What is expected:
All lines from the one containing "extra nuttige verlichting/positie" down to the one containing "Lot includes a", both ends included, are to be given again exactly; omit the rest of the listing below.

Listed records:
<<<<
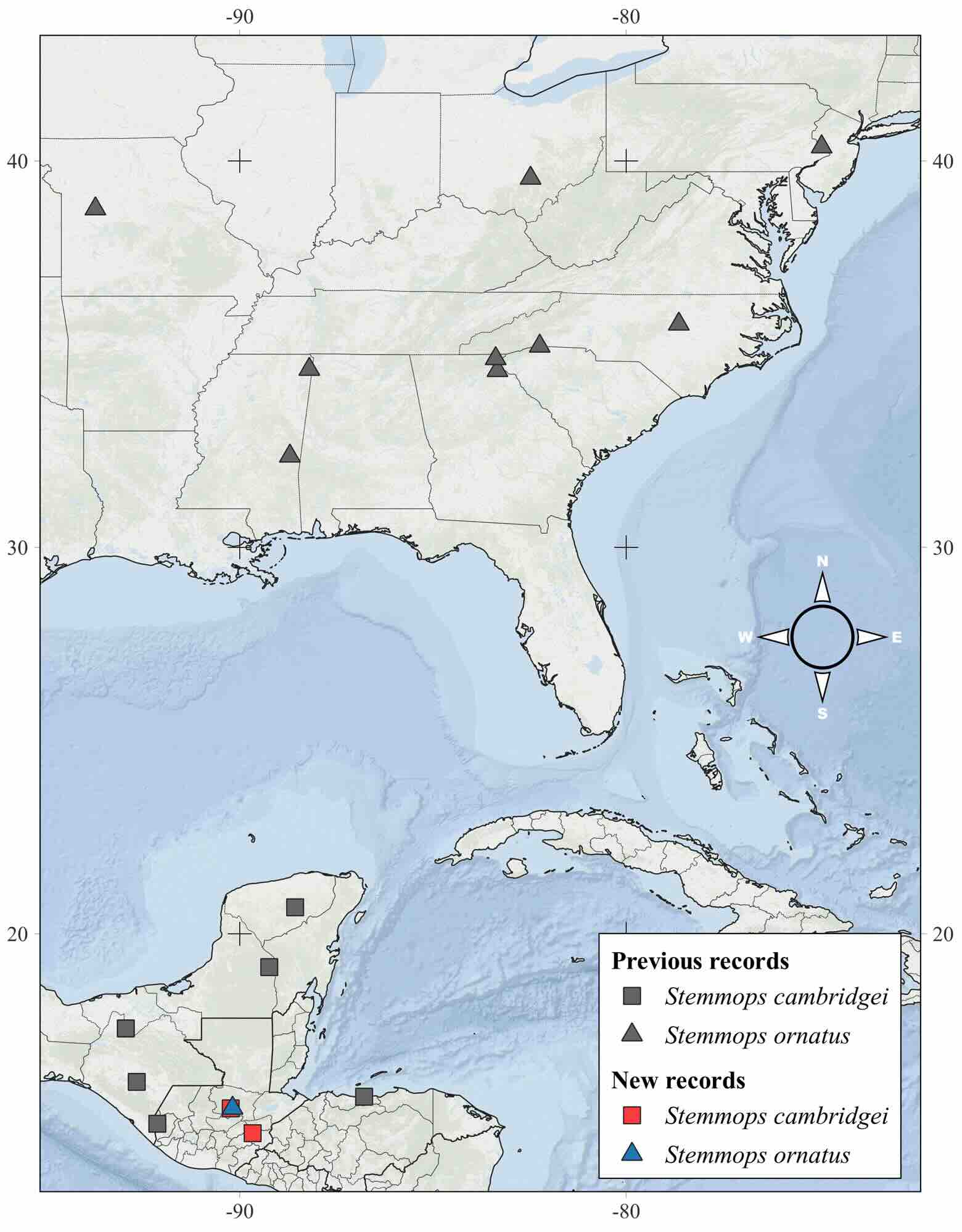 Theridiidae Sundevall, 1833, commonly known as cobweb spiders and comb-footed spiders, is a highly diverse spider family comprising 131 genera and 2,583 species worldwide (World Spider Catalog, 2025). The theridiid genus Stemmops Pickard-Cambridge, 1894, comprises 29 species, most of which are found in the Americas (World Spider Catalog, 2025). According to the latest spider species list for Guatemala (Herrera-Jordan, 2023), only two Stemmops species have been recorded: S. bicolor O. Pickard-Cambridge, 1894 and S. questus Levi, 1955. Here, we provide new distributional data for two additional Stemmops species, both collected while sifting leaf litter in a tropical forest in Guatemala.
>>>>
<<<<
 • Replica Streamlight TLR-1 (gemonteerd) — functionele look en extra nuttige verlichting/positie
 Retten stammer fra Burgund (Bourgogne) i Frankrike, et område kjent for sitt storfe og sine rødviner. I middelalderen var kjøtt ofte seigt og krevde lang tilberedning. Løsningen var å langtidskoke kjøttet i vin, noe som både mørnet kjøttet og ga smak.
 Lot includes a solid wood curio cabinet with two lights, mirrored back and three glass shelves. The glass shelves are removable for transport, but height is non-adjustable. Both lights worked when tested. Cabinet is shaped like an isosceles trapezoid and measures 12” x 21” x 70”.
>>>>
Exercise result:
 • Replica Streamlight TLR-1 (gemonteerd) — functionele look en extra nuttige verlichting/positie
 Retten stammer fra Burgund (Bourgogne) i Frankrike, et område kjent for sitt storfe og sine rødviner. I middelalderen var kjøtt ofte seigt og krevde lang tilberedning. Løsningen var å langtidskoke kjøttet i vin, noe som både mørnet kjøttet og ga smak.
 Lot includes a solid wood curio cabinet with two lights, mirrored back and three glass shelves. The glass shelves are removable for transport, but height is non-adjustable. Both lights worked when tested. Cabinet is shaped like an isosceles trapezoid and measures 12” x 21” x 70”.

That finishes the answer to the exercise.